The winners are prepared, organized and polished. The losers are busy stuffing their bags with pens, stress balls and mini-pen lights while their booth sits unmanned. The winners crush it by setting measurable goals and having impeccable follow-up. The losers sit behind a folding card table playing Candy Crush II: Soda Saga. The winners maximize their investment by gathering new leads and creating awareness for their brands. The losers spend all day ogling the Jazzercise ladies.
Don’t be a loser.
In the immortal words of Ricky Bobby, “If you ain’t first, you’re last.” So to help put you in pole position for the CBS, we’ve talked to area experts and created a list of tips to get you to the winner’s circle, which isn’t so much a real thing as it is a state of mind.
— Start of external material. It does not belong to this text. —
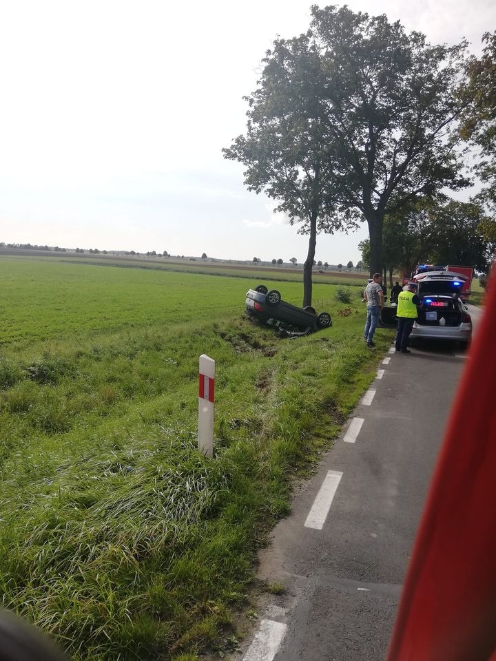 W piątek, 11 września o godz. 9.58 do dyżurnego Stanowiska Kierowania Państwowej Straży Pożarnej w Szamotułach wpłynęło zgłoszenie z Centrum Powiadamiania Ratunkowego o dachowaniu samochodu osobowego oraz jednej osobie poszkodowanej w miejscowości Bobulczyn gm. Ostroróg

But still (I’m sticking with the sports-themed metaphors here), the point is that the stakes are high, and if you’re not on your A-game, you could end up doing your business more harm than good.
- Plan to attend all the events.
Winners don’t show up late or leave before the game is over. They get there early and stay until the bitter end. Each of the four events, the Chamber’s Quarterly Membership Breakfast, the showcase itself, the Women’s Network Luncheon and the CBT after-hours mixer, all present different ways to make a connection and create awareness for your brand. Teresa White, marketing specialist with the City of Columbia Public Works Department, is the co-chair for the Chamber’s Columbia Business Showcase planning committee.
“Going to all the events helps you maximize your visibility,” White says. “And if you missed one of your targets at one event, you might very well find them at another.” In addition, each event has its own vibe, so it might be easier to start a conversation in one setting versus another. All day is a long time, so tap out if you must, but to get the most out of the day, make sure someone is there from your business to represent your interests at all events.
- Put your best people in the booth.
We’ve all seen the intern wearing the wrinkled khakis his mom bought him for his cousin’s bar mitzvah, the one who sits behind the table, plays on his phone and ignores hordes of potential customers as they stream by. Is this the person you want as the face of your company? Probably not.
Lili Vianello, president at Visionworks Marketing Group and exhibitor trainer for CBS booth holders, tells exhibitors to think twice before choosing just anyone to man their booth. “Think about how to put your best foot forward,” Vianello says. “Put your best people in the booth, and prepare them. That’s one of the surest ways to maximize the opportunity.” Just as winning coaches start their strongest players, your starting lineup should include your most talented salespeople. The showcase is long, hard work. This isn’t the time to go with a rookie.
- Have a pre- and post-game plan.
Cara Owings, marketing adviser at Marketvolt and trade show consultant, urges exhibitors that a tradeshow is not just about the day of the expo. “It starts long before that day,” Owings says. “Make a plan that includes before-show marketing, a plan of action for the day and follow-up/after-show marketing strategy. Put just as much effort into your pre- and post-show marketing as you do that one single day. Don’t just show up, meet people and never think about it again.” That, Owings warns, is a wasted opportunity and will yield no results.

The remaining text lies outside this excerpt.